When it’s time for an audit, Traceprompt automatically generates comprehensive audit packs - cryptographically sealed ZIP files containing everything an auditor needs to verify your data’s integrity. Each audit pack includes:

  • Encrypted interaction data - Your actual AI conversations, encrypted with your own AWS KMS keys
  • Merkle proofs - Mathematical evidence that each interaction is part of the anchored batch
  • GitHub anchor references - Links to public commits containing the Merkle root hashes
  • Digital signatures - GPG-signed manifests proving the pack’s authenticity
  • Verification tools - Scripts and metadata to independently verify all cryptographic claims

The Anchor System: Your Public Proof

Behind the scenes, Traceprompt’s anchor service continuously processes your encrypted logs through a sophisticated batching system.
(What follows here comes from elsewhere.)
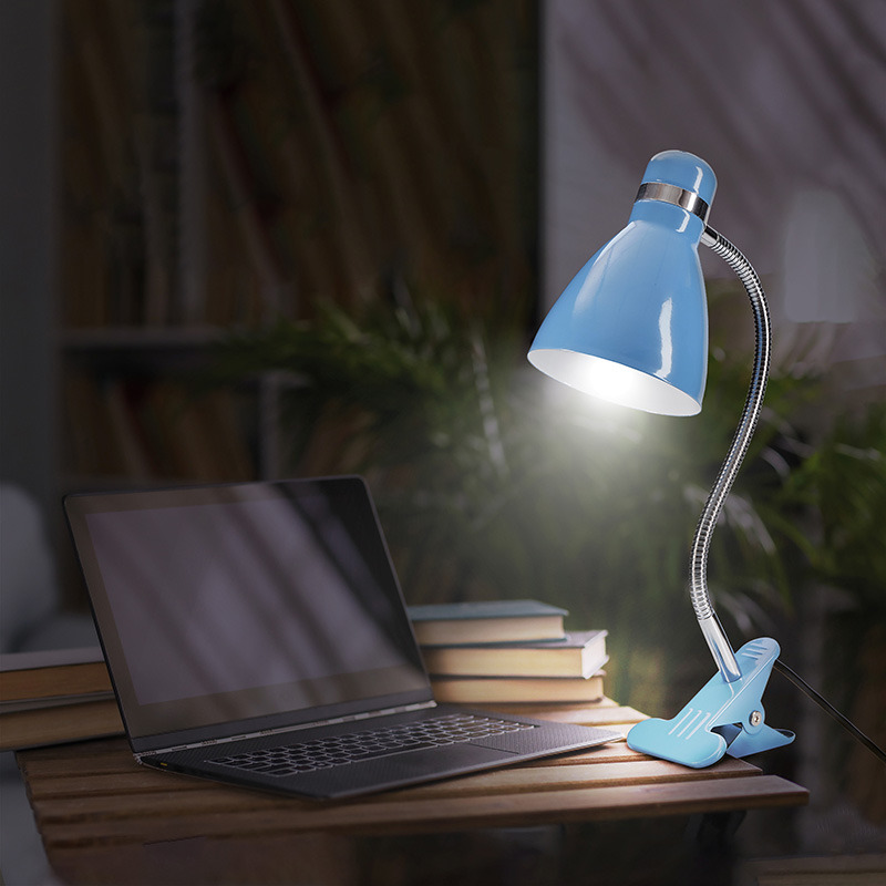 Светильник настольный Rexant 603-1013 Моби на металлической стойке с зажимом-прищепкой, с цоколем Е27, 60 Вт, цвет летнее небо
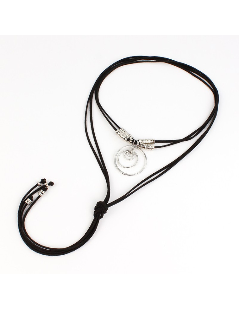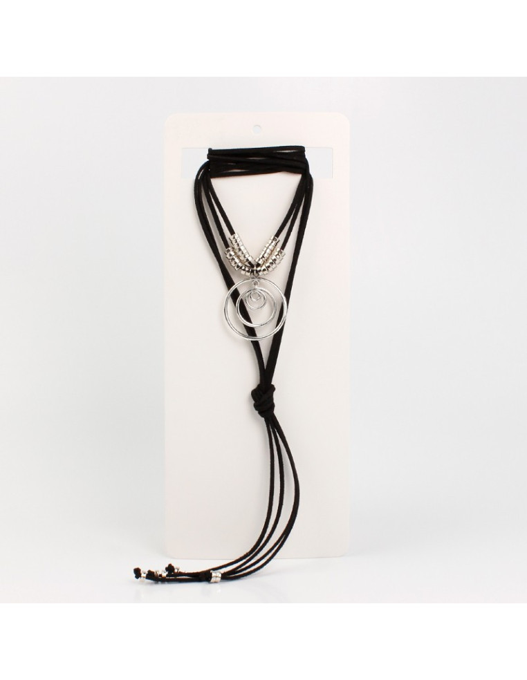 Collar corbatero de gamuza intervenido con dije exclusivo en forma de circulo y piezas pasantes de CCB.

Every few minutes, it groups recent interactions into Merkle trees and commits the root hashes to a public GitHub repository with GPG-signed commits.

This creates an immutable, publicly verifiable timestamp for when your data was recorded. The anchor system processes thousands of interactions efficiently while maintaining cryptographic integrity through hash chains and Merkle proofs.

Independent Verification

The verification process provides auditors with tools to mathematically prove data integrity without requiring trust in Traceprompt. This independent verification capability includes:

  • Digital signature verification - Validate Ed25519 signatures on audit pack bundles using published public keys
  • Merkle proof validation - Verify that specific interactions are included in anchored batches using cryptographic proofs
  • GitHub commit verification - Cross-reference Merkle roots against public, GPG-signed commits in the anchor repository
  • Data decryption - Decrypt audit data using your own AWS KMS keys, ensuring you maintain control over access

This verification can be performed entirely offline using the tools and proofs included in each audit pack, creating a level of trust that traditional logging systems cannot provide. Auditors can verify the integrity and authenticity of your AI audit trails without needing access to Traceprompt’s infrastructure.

Real-World Use Cases

Healthcare

Medical AI assistants need to prove they properly handled patient data and followed HIPAA requirements for every diagnosis or recommendation.

Finance

Banking chatbots making loan decisions must maintain tamper-proof records for regulatory audits and fair lending compliance.

Legal

AI legal assistants need verifiable logs showing exactly what information was used for each legal recommendation or document review.

Government

Public sector AI systems require transparent, auditable records to maintain public trust and meet accountability standards.

Why This Matters

As AI becomes more integrated into critical business processes, regulators are requiring organisations to prove their AI systems are operating correctly and handling data responsibly. Traditional logging isn’t sufficient because:

  • Regular logs can be easily modified or deleted
  • They often don’t capture the actual AI conversations
  • Sensitive data isn’t properly protected during storage
  • There’s no way to verify the logs haven’t been tampered with

Traceprompt addresses these challenges by creating immutable, encrypted, and verifiable records of every AI interaction, transforming compliance from a manual burden into an automated, systematic process that organizations can rely on for regulatory requirements.